The Goblin Tower
- Cover of the first edition.
- Author: L. Sprague de Camp
- Cover artist: Jeff Jones
- Language: English
- Series: Novarian series
- Genre: Fantasy
- Publisher: Pyramid Books
- Publication date: December, 1968
- Publication place: United States
- Media type: Print (paperback)
- Pages: 253
- Preceded by: The Fallible Fiend
- Followed by: The Clocks of Iraz

= The Goblin Tower =

1968 novel by L. Sprague de Camp

The Goblin Tower is a fantasy novel by American writer L. Sprague de Camp, the first book of both his Novarian series and the "Reluctant King" trilogy featuring King Jorian of Xylar. It is not to be confused with the collection of poetry by the same title by Frank Belknap Long. De Camp's novel was first published as a paperback by Pyramid Books in 1968. It was reprinted by Del Rey Books in December 1983, July 1987, and July 1989. It was later gathered together with its sequels The Clocks of Iraz (1971) and The Unbeheaded King (1983) into the omnibus collection The Reluctant King (Nelson Doubleday/SFBC, February 1985). The first independent hardbound edition was issued by HarperCollins in 1987. An E-book edition was published by Gollancz's SF Gateway imprint on September 29, 2011, as part of a general release of de Camp's works in electronic form. The novel has been translated into French, Italian and German.

==Plot summary==
The Kingdom of Xylar, one of the twelve city-states of Novaria, has a peculiar custom for choosing its kings, each of whom serves for a five-year term. At the end of that period he is beheaded in the public square before an assembly of foreigners, and his head cast into the crowd. The man who catches the head is drafted as the next king. The latest beneficiary/victim of this arrangement is Jorian of Kortoli, a powerful and intelligent man who has trained extensively for a life of adventure, but who is hampered by garrulousness and a weakness for drink and women. Having served out his term as king in a reign characterized by both great accomplishments and increasing despair, he ultimately appears resigned to his fate, though in fact he is determined to cheat it.

He successfully escapes his beheading with the aid of a Mulvanian magician, the saintly Dr. Karadur, who provides a spell granting physical access to the plane of the Novarian afterlife. This turns out to be our own world, in which the souls of Novarians are reincarnated. Jorian's brief excursion there is a satirical romp in which he is frightened by a passing giant truck, has a mutually uncomprehending encounter with a police officer in a patrol car, and is very glad to get back to the familiar dangers of his own world. These include an encounter with a homicidal wizard and his giant squirrel familiar, along with the succor of a distressed damsel who proves more trouble than she is worth.

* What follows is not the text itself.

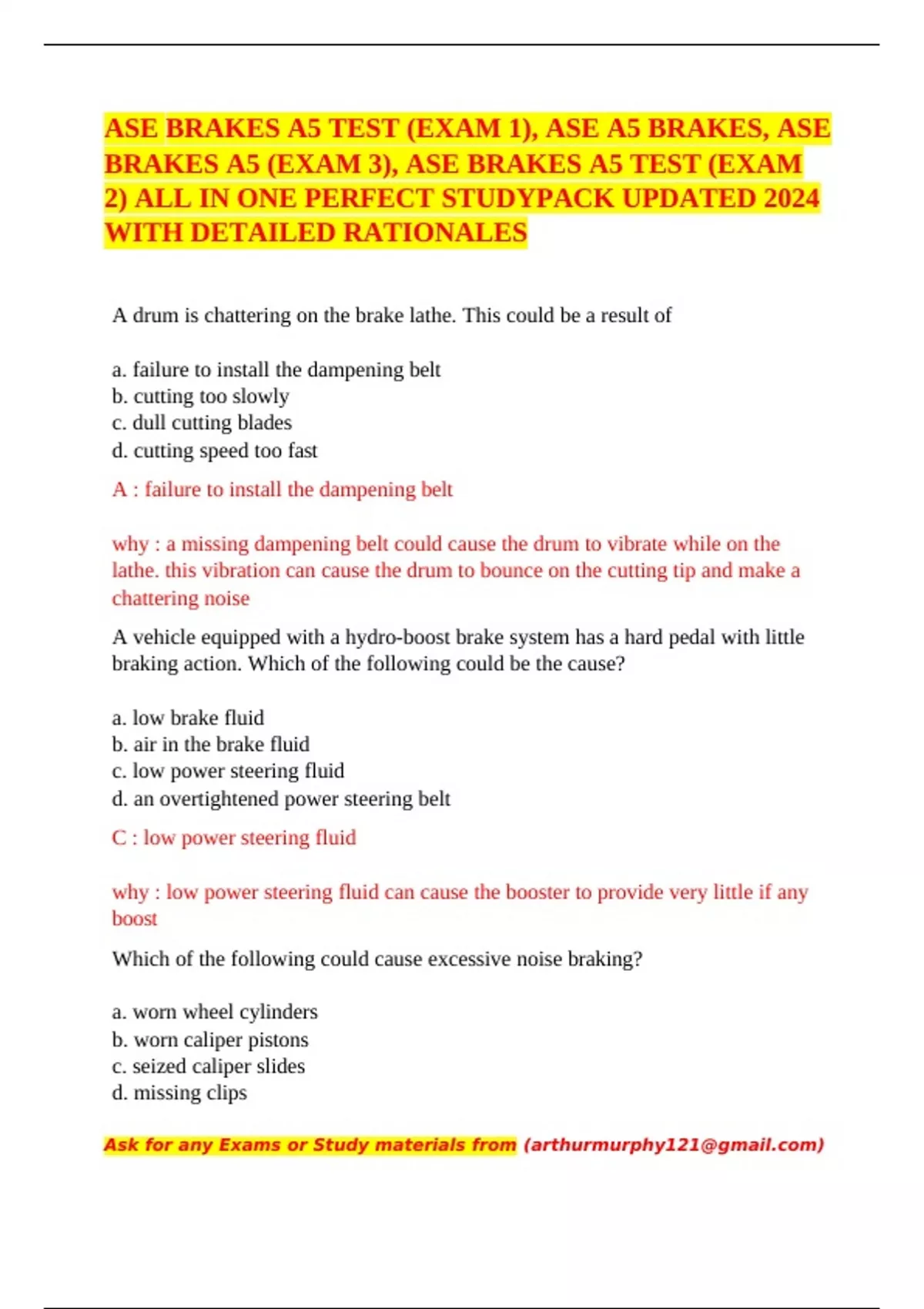 ASE BRAKES A5 TEST (EXAM 1), ASE A5 BRAKES, ASE

Linking back up with Karadur, Jorian is confronted with the price of the sorcerer's aid; securing for him the Kist of Avlen, a legendary repository of ancient magical manuscripts. The novel follows his adventures as he attempts to both fulfill his service and avoid the agents of Xylar, duty-bound to abduct him back to Xylar for the beheading ceremony. Jorian's quest takes him through much of the known world, including the exotic lands of Mulvan, Komilakh and Shven, before ultimately returning to Novaria. Included in his adventures' bill of fare are the rescue a consignment of maidens destined for the block from a fortress full of homicidal retired executioners, romancing the centuries-old serpent princess Yargali guarding the Kist in order to steal it, matching wits with an unreliable and ineffectual god who appears to his worshipers in dreams, escaping sacrifice by a horde of angry beast men to their tiger god, enslavement and sale by treacherous nomads, and abetting a revolution in the priest-ruled city-state of Tarxia, during which a huge frog statue is brought to life.

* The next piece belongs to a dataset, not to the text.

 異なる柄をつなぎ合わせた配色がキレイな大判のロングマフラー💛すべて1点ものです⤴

The ultimate challenge comes at a great symposium of Karadur's guild of magicians hosted by the city-state of Metouro -	the depiction of which provides de Camp with the opportunity to poke some fun at academic conferences and symposiums before getting on with the plot. The meeting is held in the fabled Goblin Tower, constructed from actual goblins transformed to stone. There Jorian becomes enmeshed in sorcerous politics as his patron Karadur naively presents the Kist of Avlen to the heads of his own faction, hoping thereby to advance its cause. Unfortunately, its use by these unscrupulous leaders cancels the spell binding the building's fabric together, freeing the goblins and bringing the tower crashing down. The protagonists escape but are left without resource. The outcome is particularly frustrating to Jorian; he had counted on Karadur's assistance in achieving his ultimate objective, the rescue from Xylar of Estrildis, his favorite among the wives he had as king, with whom he had hoped to settle down in peaceful obscurity in his home state of Kortoli.

The end of the novel finds him starting from scratch to recoup his fortunes by telling stories on a street corner.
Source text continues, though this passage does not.